Robert Victor Macklin (born 1941 in Brisbane) is an Australian author and journalist. He was educated at Ironside Primary School, Brisbane Grammar, and Australian National University.

He began his writing career for the Courier Mail (Brisbane), later moving to The Age in Melbourne and then The Bulletin in Sydney and The Canberra Times in Canberra. In 1967 he became press secretary to Deputy Prime Minister John McEwen shortly before the death of Harold Holt when McEwen briefly became Prime Minister.

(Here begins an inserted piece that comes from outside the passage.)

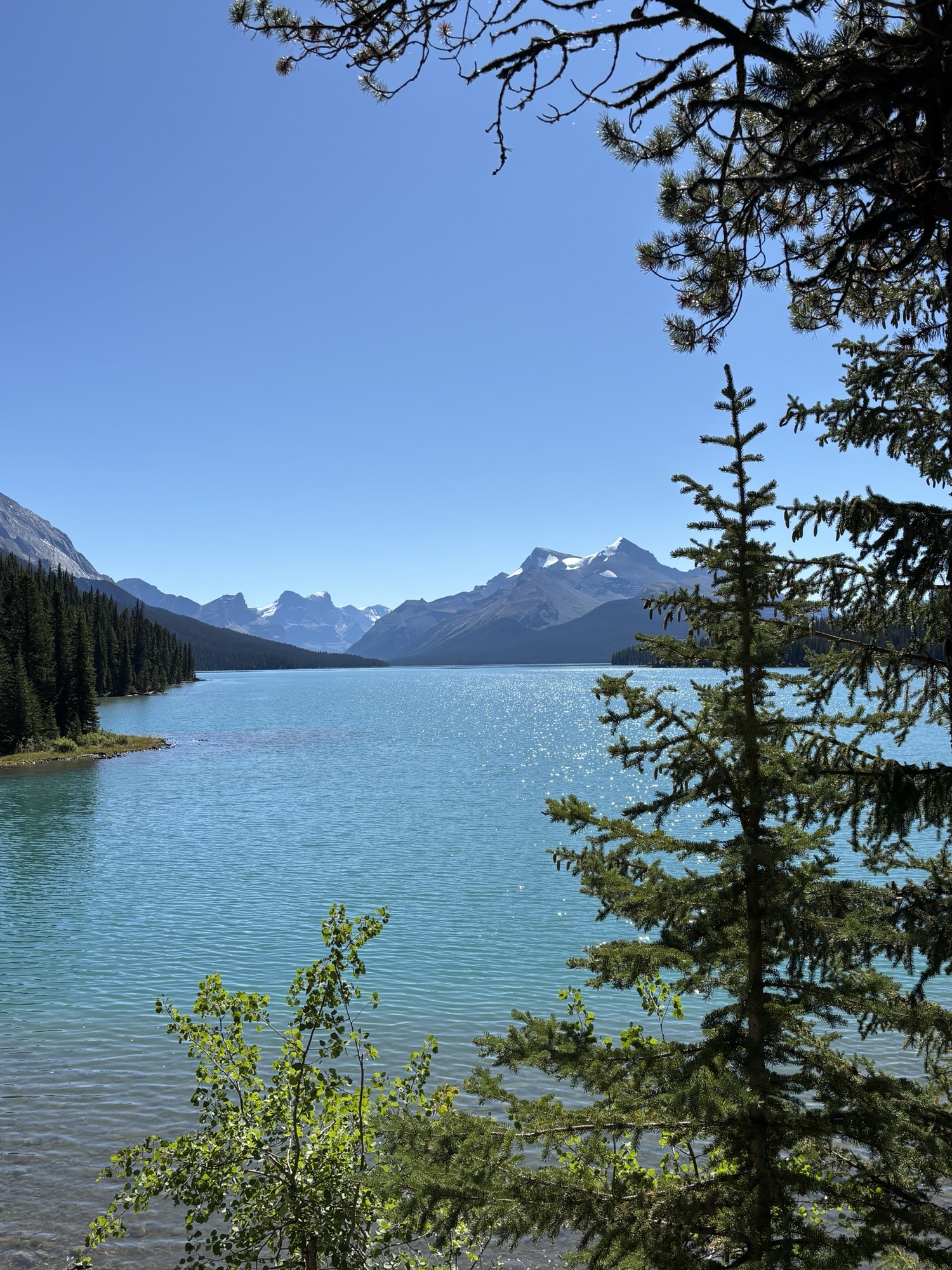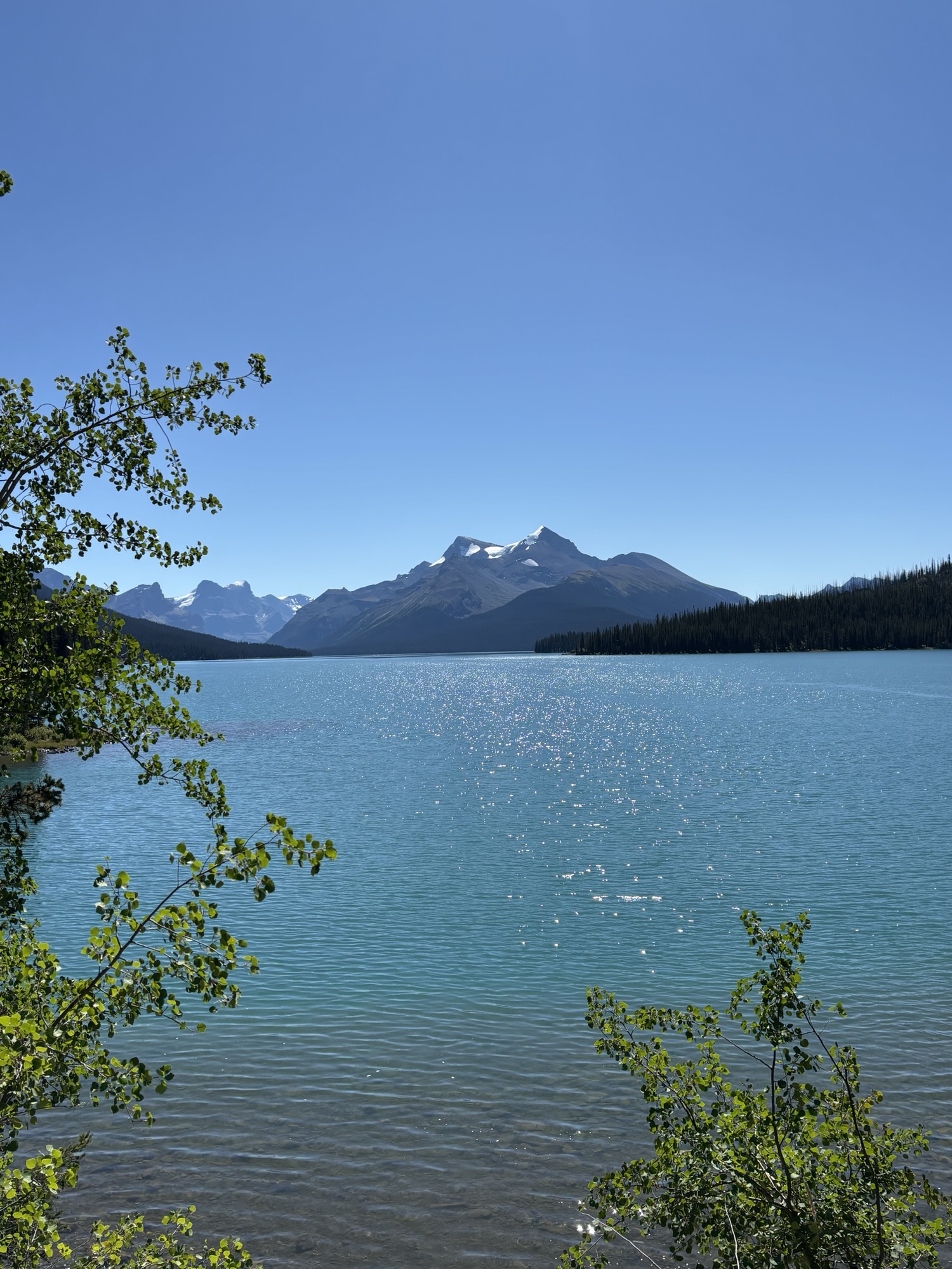 The next day we had tickets for the boat tour on Maligne Lake which is about a 20-mile drive out of town. The first few miles were through some of the fire area, so the view was again very sad. The photos we took just cannot show the extent of the damage.
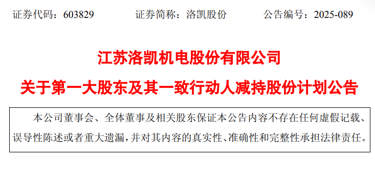 12月11日,洛凯股份(603829.SH)发布公告,出于自身资金需求,洛辉投资、洛腾投资、洛盛投资计划自本公告发布之日起十五个交易日后的三个月内,通过集中竞价交易方式合计减持公司股份不超过1,862,661股,即不超过公司总股本的1%,通过大宗交易方式合计减持公司股份不超过3,725,322股,即不超过公司总股本的2%。

In 1974 while working in the Philippines at the Asian Development Bank he began writing both fiction and non-fiction books, beginning with the novel The Queenslander. Awarded a Commonwealth Writer's Fellowship, he returned to Australia in 1975 and wrote The Paper Castle (1978) and Juryman (1980), adapted by MGM to the film Storyville (1994) starring James Spader and Jason Robards.

His non-fiction work includes Seven Cities of Australia, Dark Paradise, Norfolk Island: Isolation, Savagery, Murder; 100 Great Australians, The Secret Life of Jesus, Jacka VC: Australian Hero, Fire in the Blood: The epic tale of Frank Gardiner and Australia's other bushrangers, Bravest: How Some of Australia's Greatest War Heroes Won Their Medals, the memoir War Babies, Kevin Rudd: The Biography, My Favourite Teacher, The Great Australian Pie, One False Move, SAS Sniper (with Rob Maylor), Redback One, SAS Insider, Warrior Elite, Hamilton Hume, Dragon & Kangaroo.

With Peter Thompson he co-authored The Battle of Brisbane, The Man Who Died Twice – the life and adventures of Morrison of China, Kill The Tiger, Keep Off the Skyline and The Big Fella: The Rise and Rise of BHP Billiton.

His awards include the Blake Dawson Prize for Business Literature (with Peter Thompson) in 2009, and Canberra Critics Circle awards for One False Move, Dark Paradise and Hamilton Hume - Our Greatest Explorer.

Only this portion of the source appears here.